Por Rana Foroohar — Financial Times
29/04/2024 05h02 · Atualizado há 5 horas
A política econômica em muitos países entrou em uma nova era de auxílios e subsídios. Mas os mercados financeiros mundiais ainda precisam se atualizar.
Consideremos algumas das manchetes da semana passada. Nas reuniões do Fundo Monetário Internacional (FMI) e do Banco Mundial em Washington, as instituições ficaram acuadas quando líderes do Sul Global condenaram a hipocrisia dos credores dos países ricos por exigir austeridade aos tomadores de crédito ao mesmo tempo em que eles próprios acumulam dívidas enormes.
Em Bruxelas, Mario Draghi, ex-primeiro-ministro da Itália e ex-presidente do Banco Central Europeu (BCE), defendeu a adoção de uma política industrial única para toda a União Europeia.
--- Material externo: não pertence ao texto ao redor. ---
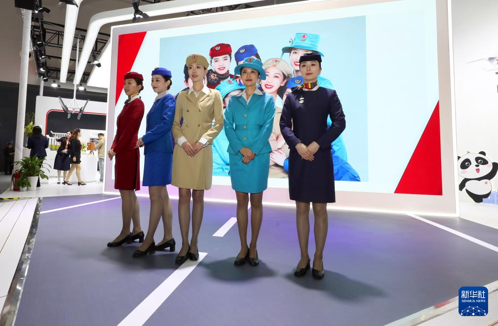 5月11日,在中国国际航空公司展台,空乘人员展示不同年代的制服。

Do outro lado do Atlântico, o governo dos EUA propôs a triplicação das tarifas sobre a China.
A melhor maneira de conciliar essas manchetes é entender que, ao mesmo tempo em que a política fiscal dos países ricos vem mudando para sustentar o processo de reindustrialização e a transição climática, os mercados financeiros mundiais ainda estão concentrados decididamente em maximizar o lucro de curto prazo do setor privado. O conflito entre os dois continuará até que surja um novo equilíbrio.
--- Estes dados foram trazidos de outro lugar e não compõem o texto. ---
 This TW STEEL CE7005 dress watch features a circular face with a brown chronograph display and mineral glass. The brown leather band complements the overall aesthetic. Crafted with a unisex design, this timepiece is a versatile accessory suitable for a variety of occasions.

A Casa Branca redobrou a aposta na ideia de que o livre comércio não leva em consideração o custo de externalidades negativas como as mudanças climáticas. Por essa conta, o livre comércio por si só é o segundo maior poluidor de carbono, depois da China. Isso porque o atual quadro comercial e financeiro mundial ainda incentiva o que é mais barato para as empresas e mais lucrativo para os acionistas, e não o que é melhor para o planeta.
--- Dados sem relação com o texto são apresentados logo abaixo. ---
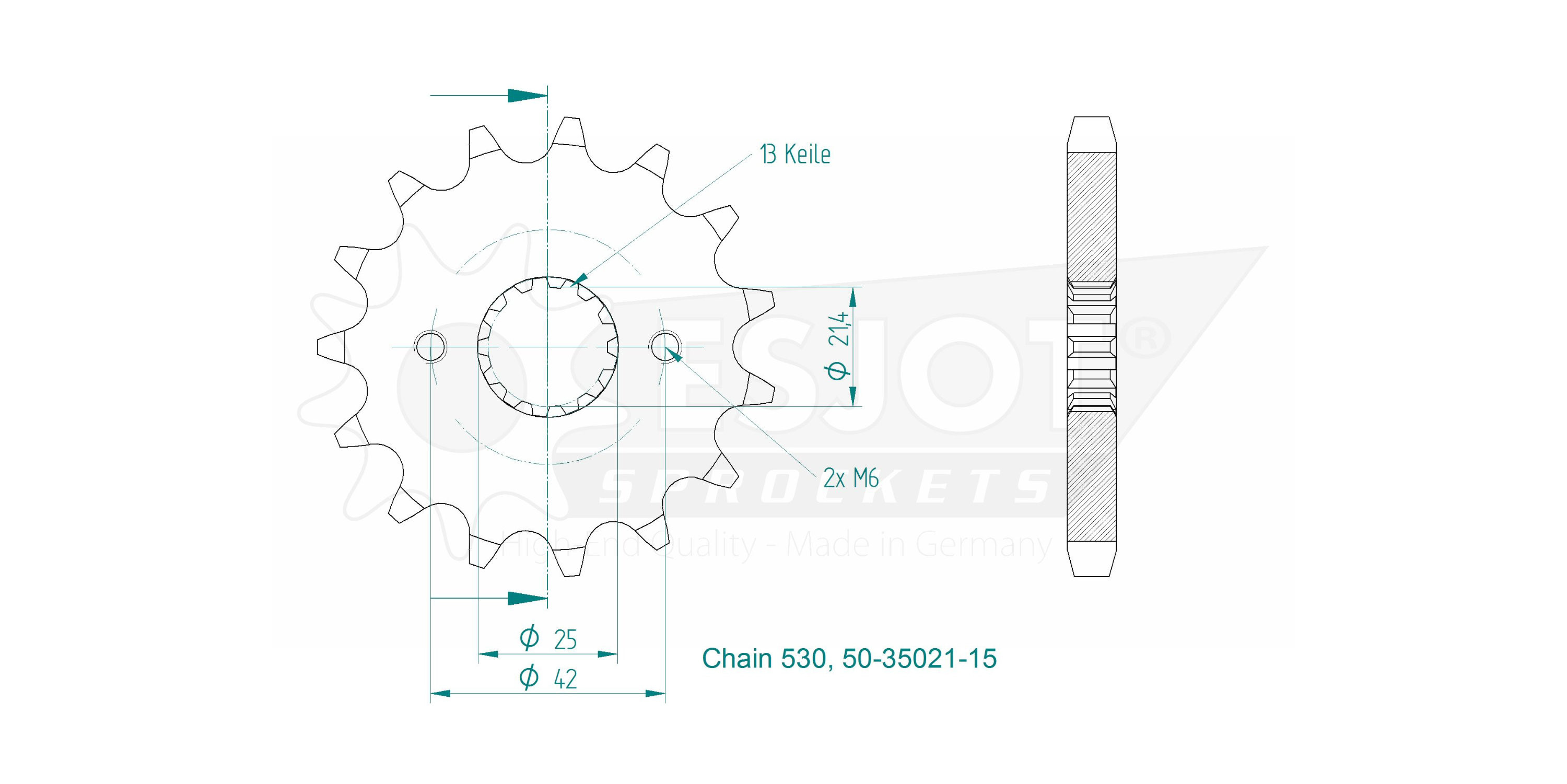 Wyprodukowano w Niemczech: Wszystkie zębatki ESJOT są produkowane w Niemczech, co gwarantuje przestrzeganie najwyższych standardów inżynierii i kontroli jakości.

Mas as instituições financeiras mundiais também precisarão mudar para que haja uma transição verdadeira para um sistema melhor. Em um evento da Oxfam na semana passada, Adriana Abdenur, assessora econômica especial do presidente Luiz Inácio Lula da Silva, condenou o “desajuste” entre “países e regiões ricos que agora adotam e defendem uma política industrial” enquanto “ainda pressionam as instituições financeiras internacionais para que imponham uma receita ultrapassada do Consenso de Washington”.
A Casa Branca sabe que o Sul Global tem razão. O vice-conselheiro de segurança nacional dos EUA para economia internacional, Daleep Singh, defendeu um uso maior da autoridade soberana de garantia de empréstimos para reduzir as taxas de juros para os países em desenvolvimento.
Tudo isso mostra que nos encontramos em um ponto crucial e nenhum país tem todas as respostas. Muitas partes interessadas, porém, querem agarrar-se ao passado, mesmo quando o futuro está mudando. Eu me admiro com a cegueira obstinada dos fabricantes de automóveis alemães que assinaram uma declaração conjunta para trabalhar em veículos ligados à China, embora seja provável que a UE imponha restrições aos veículos elétricos chineses na Europa. Da mesma forma, me preocupa a possibilidade de que a ofensiva dos EUA para se contrapôr à inteligência artificial chinesa leve a que um punhado de gigantes americanas da tecnologia tenham ainda mais poder de mercado do que já têm.
A transição para um novo paradigma econômico já começou. Onde isso vai acabar é uma questão que ainda está em aberto.